■ DESCRIPTION OF THE TASK
Reproduce exactly only the lines from the line that holds "Disco de vinilo" to the line that holds "Вставил лейсвуд в", inclusive, in the listing below, and please leave out every picture.

■ EXTRACTED RECORDS

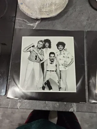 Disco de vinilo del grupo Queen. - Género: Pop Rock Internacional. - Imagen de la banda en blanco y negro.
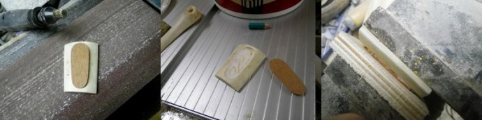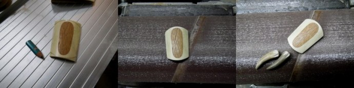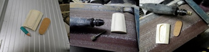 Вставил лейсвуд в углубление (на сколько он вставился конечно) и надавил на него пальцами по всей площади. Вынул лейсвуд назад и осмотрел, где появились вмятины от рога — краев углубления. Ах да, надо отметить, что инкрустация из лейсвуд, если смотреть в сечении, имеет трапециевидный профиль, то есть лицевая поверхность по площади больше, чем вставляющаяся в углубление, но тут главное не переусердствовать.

==

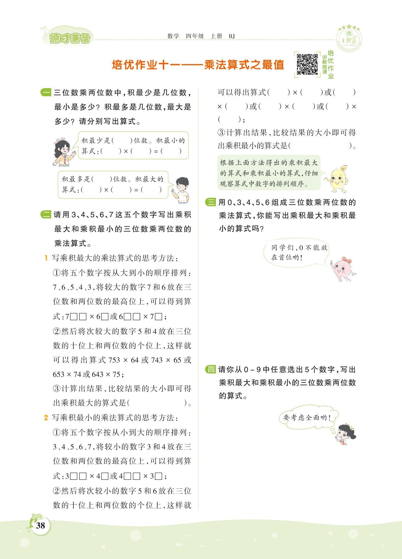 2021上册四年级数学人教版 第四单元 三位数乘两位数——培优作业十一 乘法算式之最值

■ EXPECTED OUTPUT
 Disco de vinilo del grupo Queen. - Género: Pop Rock Internacional. - Imagen de la banda en blanco y negro.
 Вставил лейсвуд в углубление (на сколько он вставился конечно) и надавил на него пальцами по всей площади. Вынул лейсвуд назад и осмотрел, где появились вмятины от рога — краев углубления. Ах да, надо отметить, что инкрустация из лейсвуд, если смотреть в сечении, имеет трапециевидный профиль, то есть лицевая поверхность по площади больше, чем вставляющаяся в углубление, но тут главное не переусердствовать.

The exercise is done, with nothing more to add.